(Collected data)

• • • • • • •

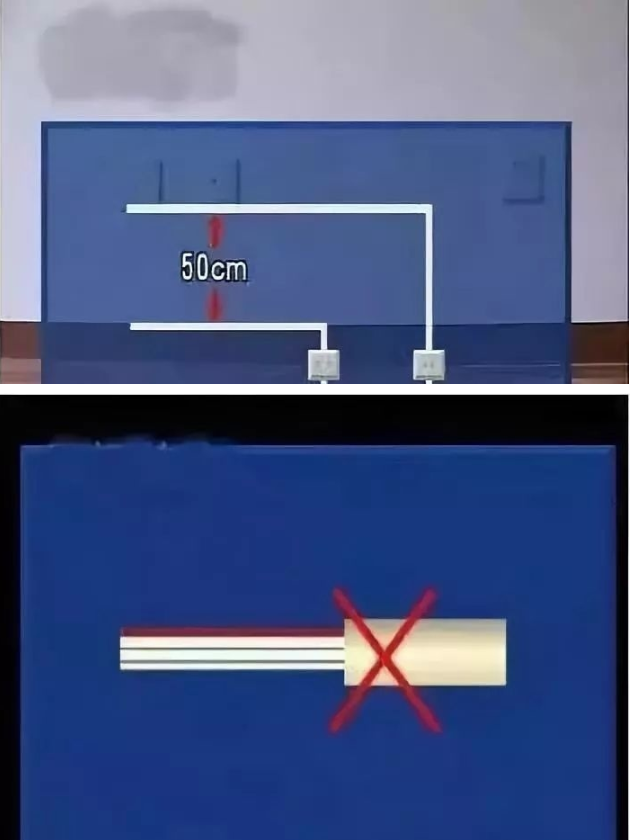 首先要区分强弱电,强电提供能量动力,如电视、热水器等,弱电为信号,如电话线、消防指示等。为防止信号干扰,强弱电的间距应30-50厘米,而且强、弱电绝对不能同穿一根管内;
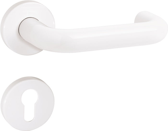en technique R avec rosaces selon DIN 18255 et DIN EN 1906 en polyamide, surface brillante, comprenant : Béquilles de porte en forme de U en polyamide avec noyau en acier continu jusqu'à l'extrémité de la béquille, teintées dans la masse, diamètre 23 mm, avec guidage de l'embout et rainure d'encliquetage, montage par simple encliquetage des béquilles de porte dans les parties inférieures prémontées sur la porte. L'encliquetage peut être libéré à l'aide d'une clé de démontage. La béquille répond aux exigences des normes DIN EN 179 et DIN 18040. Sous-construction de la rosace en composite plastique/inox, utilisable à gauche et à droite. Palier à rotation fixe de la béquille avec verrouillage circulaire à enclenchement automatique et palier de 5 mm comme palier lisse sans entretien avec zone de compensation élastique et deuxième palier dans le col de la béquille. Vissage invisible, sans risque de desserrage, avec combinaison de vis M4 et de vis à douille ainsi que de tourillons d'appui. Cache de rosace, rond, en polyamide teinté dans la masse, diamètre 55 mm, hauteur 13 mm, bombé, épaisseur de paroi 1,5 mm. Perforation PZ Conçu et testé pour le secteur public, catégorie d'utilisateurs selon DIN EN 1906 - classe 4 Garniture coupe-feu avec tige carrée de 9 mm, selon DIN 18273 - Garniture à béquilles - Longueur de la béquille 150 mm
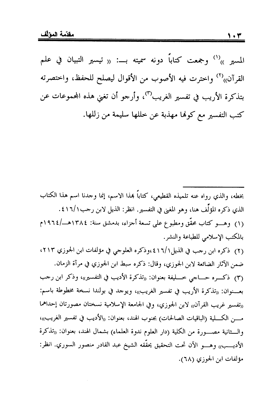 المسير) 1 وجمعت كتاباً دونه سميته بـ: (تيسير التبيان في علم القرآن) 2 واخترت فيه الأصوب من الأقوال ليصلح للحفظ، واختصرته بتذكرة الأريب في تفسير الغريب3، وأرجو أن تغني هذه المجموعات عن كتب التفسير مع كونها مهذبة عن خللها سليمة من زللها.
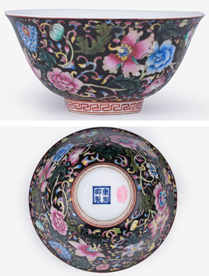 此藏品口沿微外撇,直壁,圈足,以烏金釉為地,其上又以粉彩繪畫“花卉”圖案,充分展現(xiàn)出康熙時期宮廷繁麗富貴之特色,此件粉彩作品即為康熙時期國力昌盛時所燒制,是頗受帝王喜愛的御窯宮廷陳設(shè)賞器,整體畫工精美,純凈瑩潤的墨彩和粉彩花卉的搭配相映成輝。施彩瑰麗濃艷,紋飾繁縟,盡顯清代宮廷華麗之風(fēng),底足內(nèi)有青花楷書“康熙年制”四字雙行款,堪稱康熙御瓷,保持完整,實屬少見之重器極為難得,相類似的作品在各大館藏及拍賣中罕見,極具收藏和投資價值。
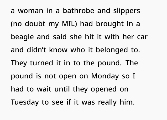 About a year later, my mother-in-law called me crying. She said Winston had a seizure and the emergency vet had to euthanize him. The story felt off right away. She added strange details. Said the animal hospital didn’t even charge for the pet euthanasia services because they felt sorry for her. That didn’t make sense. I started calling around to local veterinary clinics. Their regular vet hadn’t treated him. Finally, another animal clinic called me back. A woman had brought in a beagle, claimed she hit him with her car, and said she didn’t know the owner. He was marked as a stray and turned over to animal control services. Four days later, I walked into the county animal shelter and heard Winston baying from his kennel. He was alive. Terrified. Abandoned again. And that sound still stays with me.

• • • • • • •

**Instructions to follow**.
The copy should hold exactly the lines above from the one with "المسير) 1 وجمعت" through the one with "此藏品口沿微外撇,直壁,圈足", both ends counted, and no pictures at all.

**Answer below**.
 المسير) 1 وجمعت كتاباً دونه سميته بـ: (تيسير التبيان في علم القرآن) 2 واخترت فيه الأصوب من الأقوال ليصلح للحفظ، واختصرته بتذكرة الأريب في تفسير الغريب3، وأرجو أن تغني هذه المجموعات عن كتب التفسير مع كونها مهذبة عن خللها سليمة من زللها.
 此藏品口沿微外撇,直壁,圈足,以烏金釉為地,其上又以粉彩繪畫“花卉”圖案,充分展現(xiàn)出康熙時期宮廷繁麗富貴之特色,此件粉彩作品即為康熙時期國力昌盛時所燒制,是頗受帝王喜愛的御窯宮廷陳設(shè)賞器,整體畫工精美,純凈瑩潤的墨彩和粉彩花卉的搭配相映成輝。施彩瑰麗濃艷,紋飾繁縟,盡顯清代宮廷華麗之風(fēng),底足內(nèi)有青花楷書“康熙年制”四字雙行款,堪稱康熙御瓷,保持完整,實屬少見之重器極為難得,相類似的作品在各大館藏及拍賣中罕見,極具收藏和投資價值。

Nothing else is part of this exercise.